Reclaiming handwork as an act of freedom
For as long as I can remember, I’ve been drawn to handwork. I believe women have always used their hands—stitching, knitting, mending—not just to make things, but to move through joy and grief, love and loss. Needle and thread have long been a kind of compass, pointing us back to ourselves.
For twenty years, I’ve been what I call a journal quilter. I sew through my life—processing heartache, celebrating moments of joy, and finding peace in the rhythm of small, steady stitches.
Not long ago, while recovering from the flu, I picked up a piece of an old antique quilt and began stitching by hand. The fabric was fragile, with batting full of lumps and little bits of raw cotton seeds still inside. While it is easy to pierce the fabric, it is hard to make anything straight or perfect. Every stitch wanders off-course, and yet somehow, that feels satisfying.
These old quilts are imperfect survivors—like the women who made them—and working on them feels like a collaboration across time.
I often imagine the original maker as I sew. Who was she? Did she live on the windy prairie in a sod house, watching her children grow in the glow of a coal stove? Was she a proper woman who dreamed of another kind of life—something freer, wilder? Did she lose someone she loved, and pour her heartache into each square of that quilt? Maybe she stitched not just to keep her family warm but to keep her heart from breaking.

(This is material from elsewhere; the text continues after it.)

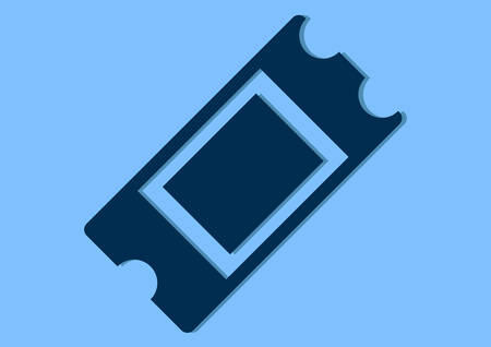 A ticket flat icon design isolated on plain blue background.

After finishing that pillow project, I found myself thinking a lot about samplers—those carefully stitched pieces young women made in the 17th and 18th centuries. I remembered scenes from a show I’d watched, where women embroidered samplers by firelight, their needles moving with quiet precision. So, I started reading about them.
Samplers were more than decoration. In those times, when girls weren’t allowed to go to school, stitching was both an education and a message. Through needle and thread, they learned literacy—the alphabet, numbers, Bible verses. Each sampler was a lesson plan and a life résumé, proving a girl’s skill, obedience, and piety. Those small rectangles of cloth were public announcements: I am capable. I am modest. I am ready for the life expected of me.

That realization caught me off-guard, because what I want from my art now is almost the opposite of that.
I used to be a meticulous embroiderer—learning every decorative stitch, mastering symmetry, perfection, harmony. But now, I crave crooked lines, uneven seams, mismatched colors. I want the mistakes to show, because they’re honest. My work has become a quiet rebellion—a declaration that imperfection is not just acceptable, but beautiful.

It’s funny that I’ve chosen samplers, a form once meant to prove virtue and discipline, as the place to be messy and uncontained. Each piece I make now feels like a small act of freedom and rebellion.
I’ve never been especially pious, unless standing under a massive oak tree and feeling awe counts as prayer. I’ve never been a model of morality, unless fighting for what I believe in counts as virtue.
These days, I’m less interested in being “good” at something and more interested in being experimental. I no longer want to fit myself into someone else’s pattern or expectation. So I keep stitching my small, imperfect samplers—each one full of authenticity, curiosity, and grace.
Every crooked line feels like a reminder: beauty doesn’t live in perfection. It lives in the human hand that keeps going.